A Retirement Case You Should Not Ignore

A Retirement Case You Should Not Ignore

The Employee Retirement Income Security Act (ERISA) regulates private employer retirement plans and does not apply to state and local government retirement plans. Tibble v. Edison International is an ERISA case. Before you dismiss it, note that it is an ERISA fiduciary duty case.

A lower court determining the precise nature of the fiduciary duty state and local governments owe employees under a state law similar to ERISA regulating public retirement plans may look to the Supreme Court’s opinion in this case. The Court held unanimously that employers have a continuing duty to monitor retirement investments and remove imprudent ones.  

Beneficiaries of Edison’s 401(k) plan sued Edison for violating its fiduciary duty by selecting mutual funds with higher fees than “materially identical” funds. Edison argued that the claims were untimely as to three mutual funds added outside of the six-year statute of limitations. The Ninth Circuit agreed with Edison reasoning that no change in circumstances triggered an obligation to review and change the investments within the six-year statute of limitations.

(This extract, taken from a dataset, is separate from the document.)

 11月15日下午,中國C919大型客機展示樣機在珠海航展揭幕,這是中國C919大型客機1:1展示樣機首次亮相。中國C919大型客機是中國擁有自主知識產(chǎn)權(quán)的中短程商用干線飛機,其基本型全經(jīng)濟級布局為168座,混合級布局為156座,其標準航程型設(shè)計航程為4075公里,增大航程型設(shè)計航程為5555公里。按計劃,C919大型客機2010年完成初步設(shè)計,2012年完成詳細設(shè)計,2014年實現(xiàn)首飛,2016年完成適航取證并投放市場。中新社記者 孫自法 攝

The Court concluded that the Ninth Circuit failed to recognize “that under trust law a fiduciary is required to conduct a regular review of its investment with the nature and timing of the review contingent on the circumstances.” So in this case as long as the breach of the continuing duty to monitor investments occurred within six years of the lawsuit it was timely. The Court applied trust law because courts frequently look to it to determine the contours of an ERISA fiduciary duty.

All parties ultimately agreed that trust law requires a continuing monitoring of investments but disagreed about the scope of the responsibility. The Court left this to the lower court to resolve.

Experts talking to the Los Angeles Times about the impact of this ruling disagree about whether it is really significant. But the bottom line on this case is simple:  in the ERISA context, employers are responsible on an ongoing basis to make sure that investments are prudent and that fees are reasonable as part of their fiduciary duty. State and local governments are wise to follow suit given their own fiduciary duty under state law.